— Available data —

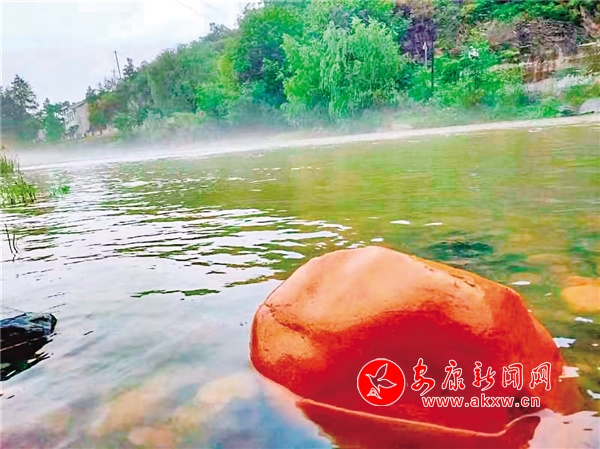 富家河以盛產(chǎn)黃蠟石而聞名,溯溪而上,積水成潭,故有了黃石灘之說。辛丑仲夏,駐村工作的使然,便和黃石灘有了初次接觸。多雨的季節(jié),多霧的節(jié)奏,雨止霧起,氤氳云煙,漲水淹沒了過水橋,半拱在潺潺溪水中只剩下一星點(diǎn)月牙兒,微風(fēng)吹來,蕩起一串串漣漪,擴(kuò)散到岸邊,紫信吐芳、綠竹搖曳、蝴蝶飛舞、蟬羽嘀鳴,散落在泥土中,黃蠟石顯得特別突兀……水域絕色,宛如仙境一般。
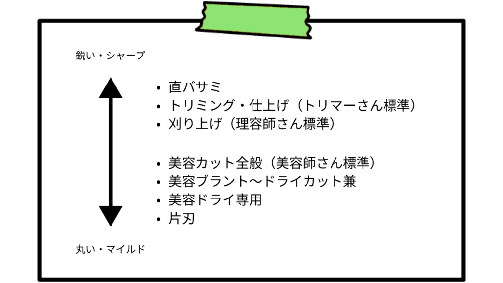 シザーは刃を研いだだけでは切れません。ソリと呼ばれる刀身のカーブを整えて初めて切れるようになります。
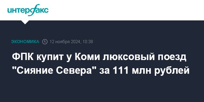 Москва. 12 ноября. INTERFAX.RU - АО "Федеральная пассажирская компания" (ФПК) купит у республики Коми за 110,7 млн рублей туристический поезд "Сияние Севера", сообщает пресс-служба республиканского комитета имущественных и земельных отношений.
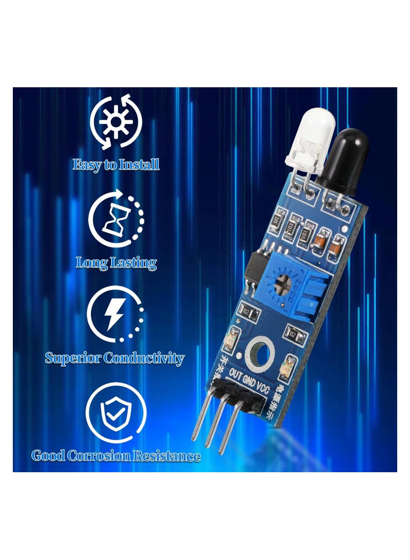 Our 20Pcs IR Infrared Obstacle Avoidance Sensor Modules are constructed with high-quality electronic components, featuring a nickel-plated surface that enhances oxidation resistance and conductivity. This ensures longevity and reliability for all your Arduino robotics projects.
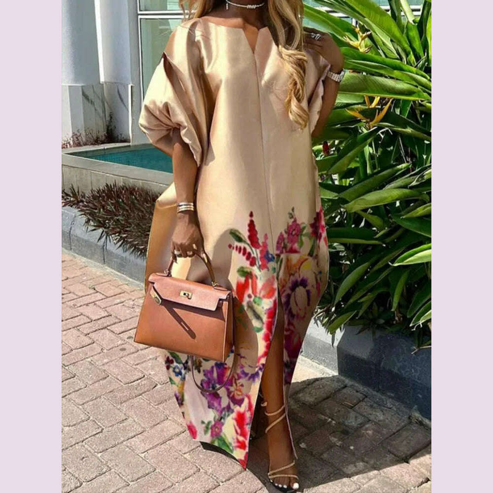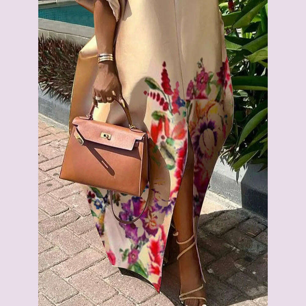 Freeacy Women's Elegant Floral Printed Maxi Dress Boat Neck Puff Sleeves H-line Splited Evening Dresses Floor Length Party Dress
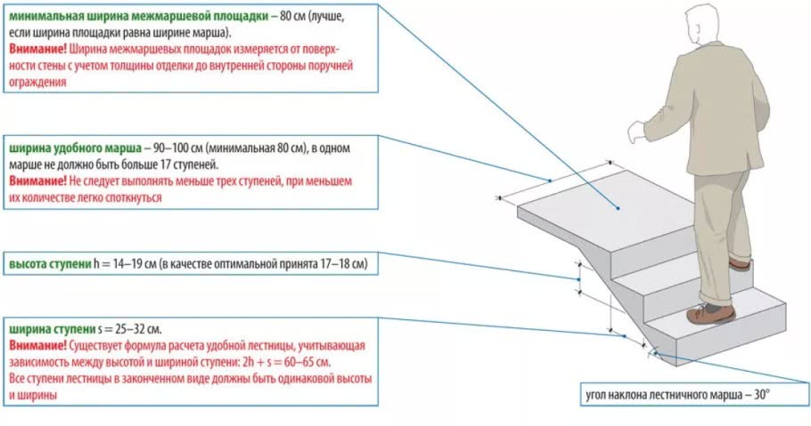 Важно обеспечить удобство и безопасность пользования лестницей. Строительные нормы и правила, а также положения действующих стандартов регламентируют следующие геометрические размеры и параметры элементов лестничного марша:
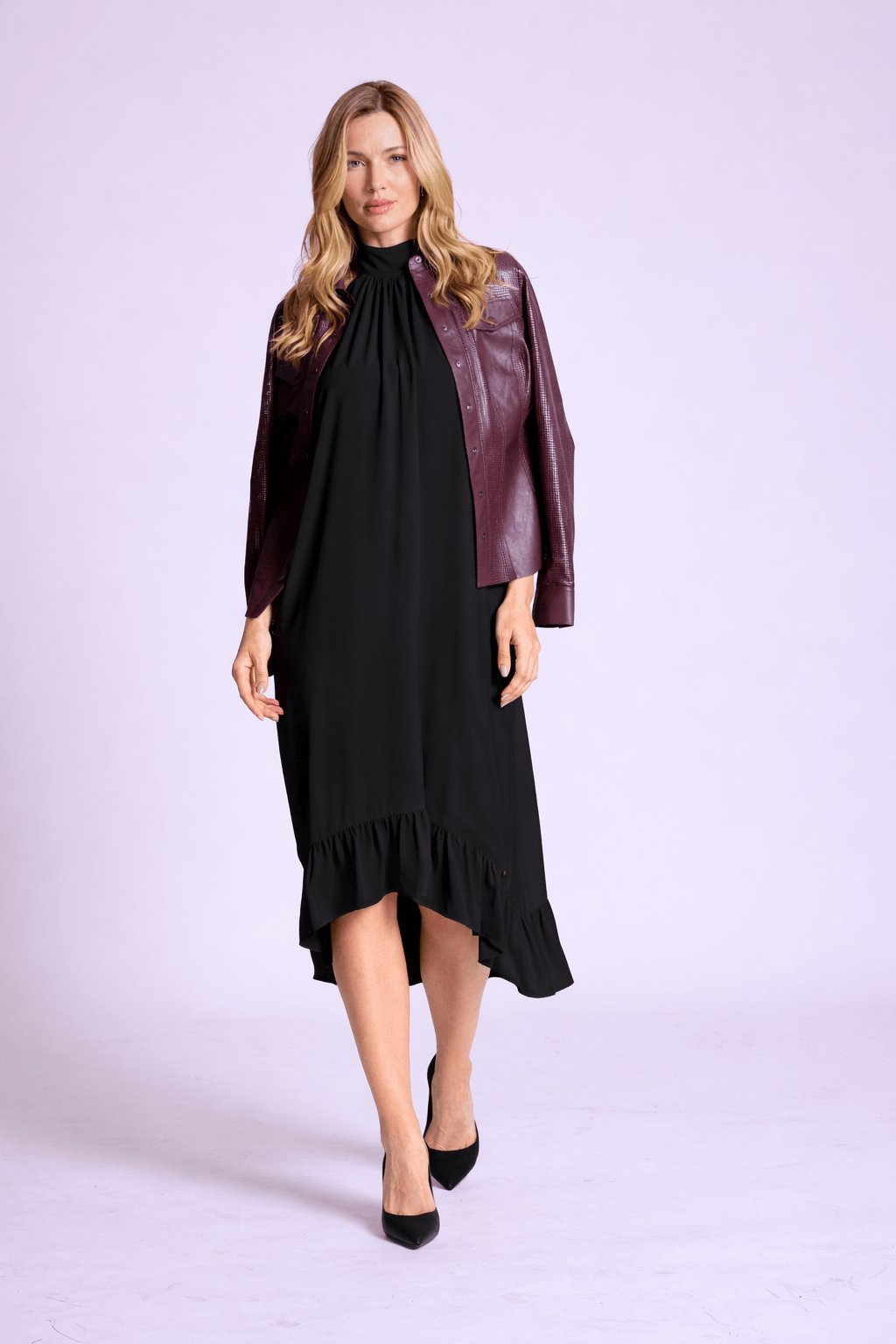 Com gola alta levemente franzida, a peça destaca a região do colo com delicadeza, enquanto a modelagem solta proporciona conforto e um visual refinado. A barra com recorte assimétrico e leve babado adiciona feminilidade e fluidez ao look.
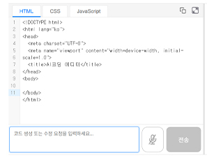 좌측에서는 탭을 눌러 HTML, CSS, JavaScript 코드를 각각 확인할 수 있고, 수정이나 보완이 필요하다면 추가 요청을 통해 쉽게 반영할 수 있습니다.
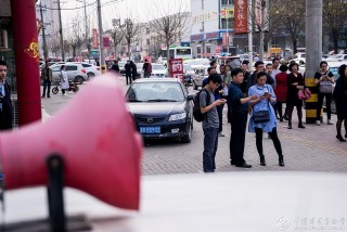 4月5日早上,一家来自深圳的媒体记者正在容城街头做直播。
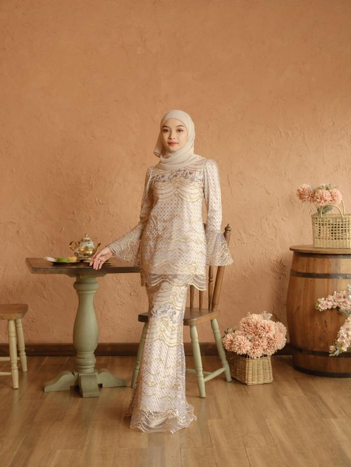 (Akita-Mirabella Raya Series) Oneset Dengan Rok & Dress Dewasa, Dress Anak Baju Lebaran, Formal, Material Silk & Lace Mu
---
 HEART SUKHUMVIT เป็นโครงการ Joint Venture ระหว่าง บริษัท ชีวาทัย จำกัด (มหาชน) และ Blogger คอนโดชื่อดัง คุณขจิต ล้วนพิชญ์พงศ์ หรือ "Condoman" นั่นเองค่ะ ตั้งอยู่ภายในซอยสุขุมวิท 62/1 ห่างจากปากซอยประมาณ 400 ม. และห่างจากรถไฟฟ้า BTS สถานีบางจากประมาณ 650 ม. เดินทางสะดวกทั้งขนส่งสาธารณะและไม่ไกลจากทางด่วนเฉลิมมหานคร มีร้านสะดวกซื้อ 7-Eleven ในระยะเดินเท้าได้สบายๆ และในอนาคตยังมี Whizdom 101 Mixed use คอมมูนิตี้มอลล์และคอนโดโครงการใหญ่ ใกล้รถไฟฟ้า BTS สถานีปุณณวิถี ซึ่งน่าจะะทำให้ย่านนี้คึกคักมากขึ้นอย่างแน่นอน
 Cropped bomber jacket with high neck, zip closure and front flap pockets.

— Task to carry out —
From the records above, copy only the lines running from the line holding "シザーは刃を研いだだけでは切" through the line holding "Москва. 12 ноября.", with no pictures.

— Solution to the exercise —
 シザーは刃を研いだだけでは切れません。ソリと呼ばれる刀身のカーブを整えて初めて切れるようになります。
 Москва. 12 ноября. INTERFAX.RU - АО "Федеральная пассажирская компания" (ФПК) купит у республики Коми за 110,7 млн рублей туристический поезд "Сияние Севера", сообщает пресс-служба республиканского комитета имущественных и земельных отношений.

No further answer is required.